What you need to do: Retype only the lines below from the one with "3Fの展望レストランで展望を" to the one with "間充質(zhì)干細(xì)胞療法近年取", inclusive, skipping every image.

Excerpted data:

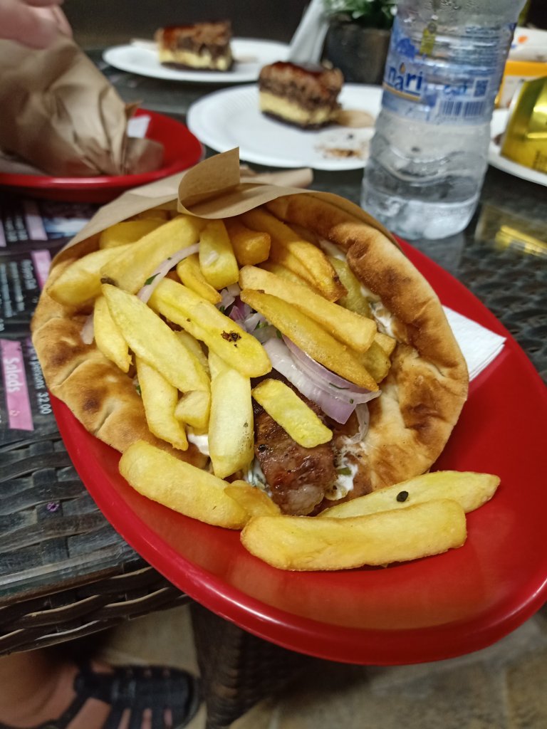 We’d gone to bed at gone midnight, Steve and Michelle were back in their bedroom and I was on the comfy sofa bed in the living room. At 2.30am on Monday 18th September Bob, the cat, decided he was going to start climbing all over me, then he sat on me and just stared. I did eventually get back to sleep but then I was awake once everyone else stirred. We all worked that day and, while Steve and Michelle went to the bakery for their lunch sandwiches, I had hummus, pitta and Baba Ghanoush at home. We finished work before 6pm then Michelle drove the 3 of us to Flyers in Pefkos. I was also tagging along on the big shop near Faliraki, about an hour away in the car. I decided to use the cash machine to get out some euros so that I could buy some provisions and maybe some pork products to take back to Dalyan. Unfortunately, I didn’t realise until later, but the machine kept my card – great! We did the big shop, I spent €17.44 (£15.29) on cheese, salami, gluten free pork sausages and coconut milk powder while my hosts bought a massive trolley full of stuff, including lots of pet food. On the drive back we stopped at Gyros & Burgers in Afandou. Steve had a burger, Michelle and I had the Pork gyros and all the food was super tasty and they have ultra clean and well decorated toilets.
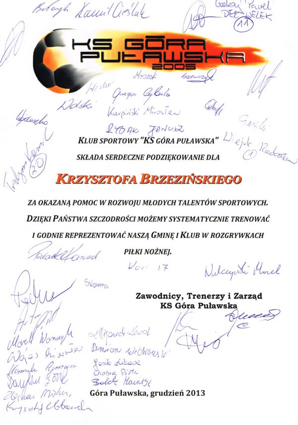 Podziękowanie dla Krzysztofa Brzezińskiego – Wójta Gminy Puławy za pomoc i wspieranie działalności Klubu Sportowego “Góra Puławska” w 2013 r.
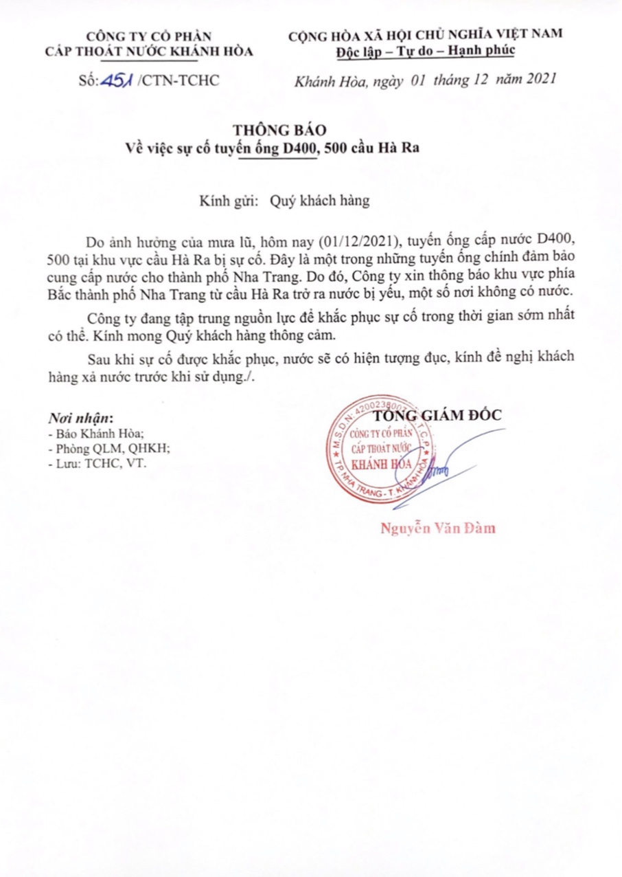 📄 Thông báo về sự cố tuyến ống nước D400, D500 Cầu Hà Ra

--

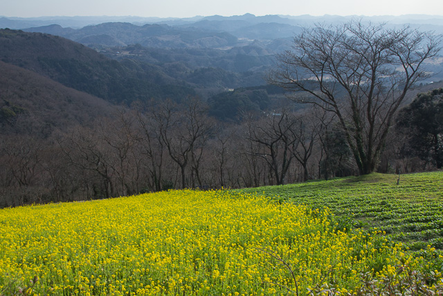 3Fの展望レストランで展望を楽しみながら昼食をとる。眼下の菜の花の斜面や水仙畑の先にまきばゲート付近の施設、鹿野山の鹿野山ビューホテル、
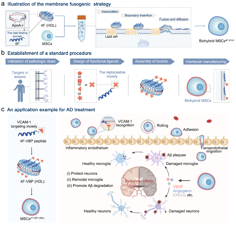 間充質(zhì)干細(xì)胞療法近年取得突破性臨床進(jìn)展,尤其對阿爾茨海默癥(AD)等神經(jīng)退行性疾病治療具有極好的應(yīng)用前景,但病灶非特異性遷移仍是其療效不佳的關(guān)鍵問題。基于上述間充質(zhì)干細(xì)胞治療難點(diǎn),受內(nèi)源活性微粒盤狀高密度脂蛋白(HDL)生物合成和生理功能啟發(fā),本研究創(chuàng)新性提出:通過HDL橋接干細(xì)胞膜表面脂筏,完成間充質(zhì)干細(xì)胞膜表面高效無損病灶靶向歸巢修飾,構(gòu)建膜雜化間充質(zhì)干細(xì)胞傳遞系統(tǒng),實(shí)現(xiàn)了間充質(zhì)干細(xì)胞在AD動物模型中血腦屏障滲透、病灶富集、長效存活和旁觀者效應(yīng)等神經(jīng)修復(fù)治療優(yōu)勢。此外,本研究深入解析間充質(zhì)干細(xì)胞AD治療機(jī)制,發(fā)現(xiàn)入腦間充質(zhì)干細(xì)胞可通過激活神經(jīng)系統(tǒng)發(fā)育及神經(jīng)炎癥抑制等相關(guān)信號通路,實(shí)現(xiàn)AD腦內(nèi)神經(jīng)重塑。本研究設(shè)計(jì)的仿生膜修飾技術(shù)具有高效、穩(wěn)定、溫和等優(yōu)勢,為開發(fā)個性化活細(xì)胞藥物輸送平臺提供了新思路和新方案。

Result for this exercise:
 3Fの展望レストランで展望を楽しみながら昼食をとる。眼下の菜の花の斜面や水仙畑の先にまきばゲート付近の施設、鹿野山の鹿野山ビューホテル、
 間充質(zhì)干細(xì)胞療法近年取得突破性臨床進(jìn)展,尤其對阿爾茨海默癥(AD)等神經(jīng)退行性疾病治療具有極好的應(yīng)用前景,但病灶非特異性遷移仍是其療效不佳的關(guān)鍵問題。基于上述間充質(zhì)干細(xì)胞治療難點(diǎn),受內(nèi)源活性微粒盤狀高密度脂蛋白(HDL)生物合成和生理功能啟發(fā),本研究創(chuàng)新性提出:通過HDL橋接干細(xì)胞膜表面脂筏,完成間充質(zhì)干細(xì)胞膜表面高效無損病灶靶向歸巢修飾,構(gòu)建膜雜化間充質(zhì)干細(xì)胞傳遞系統(tǒng),實(shí)現(xiàn)了間充質(zhì)干細(xì)胞在AD動物模型中血腦屏障滲透、病灶富集、長效存活和旁觀者效應(yīng)等神經(jīng)修復(fù)治療優(yōu)勢。此外,本研究深入解析間充質(zhì)干細(xì)胞AD治療機(jī)制,發(fā)現(xiàn)入腦間充質(zhì)干細(xì)胞可通過激活神經(jīng)系統(tǒng)發(fā)育及神經(jīng)炎癥抑制等相關(guān)信號通路,實(shí)現(xiàn)AD腦內(nèi)神經(jīng)重塑。本研究設(shè)計(jì)的仿生膜修飾技術(shù)具有高效、穩(wěn)定、溫和等優(yōu)勢,為開發(fā)個性化活細(xì)胞藥物輸送平臺提供了新思路和新方案。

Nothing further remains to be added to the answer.